------ Provided data
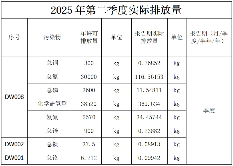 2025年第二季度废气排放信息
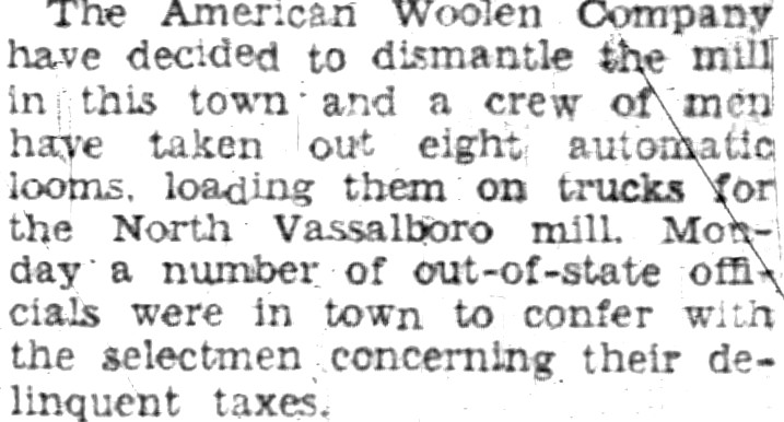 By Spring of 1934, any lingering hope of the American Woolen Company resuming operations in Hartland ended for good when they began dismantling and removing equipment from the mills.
------------
------ Provided data
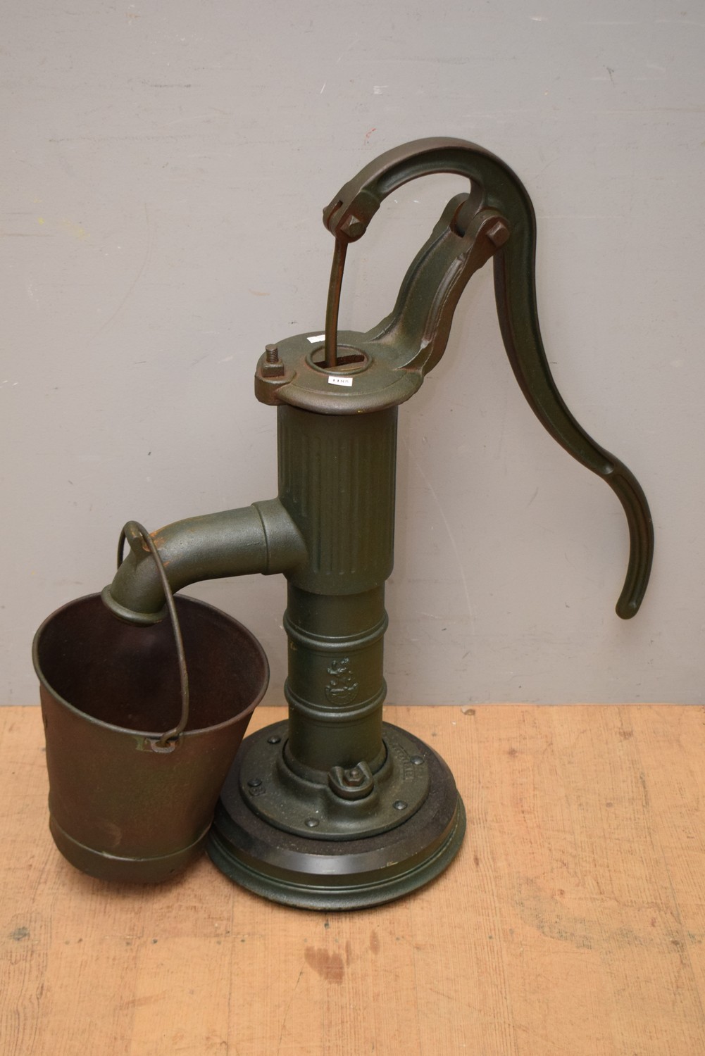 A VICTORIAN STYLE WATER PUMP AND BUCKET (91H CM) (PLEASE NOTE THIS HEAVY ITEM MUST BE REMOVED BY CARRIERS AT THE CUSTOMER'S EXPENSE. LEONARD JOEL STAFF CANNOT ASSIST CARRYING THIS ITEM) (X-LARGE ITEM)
------------
▸ Exercise:
Exactly the lines above, from the one containing "2025年第二季度废气排放信息" down to the one containing "By Spring of", are to be repeated, including both ends. Pictures are not part of the copy.

▸ Solution to this exercise:
 2025年第二季度废气排放信息
 By Spring of 1934, any lingering hope of the American Woolen Company resuming operations in Hartland ended for good when they began dismantling and removing equipment from the mills.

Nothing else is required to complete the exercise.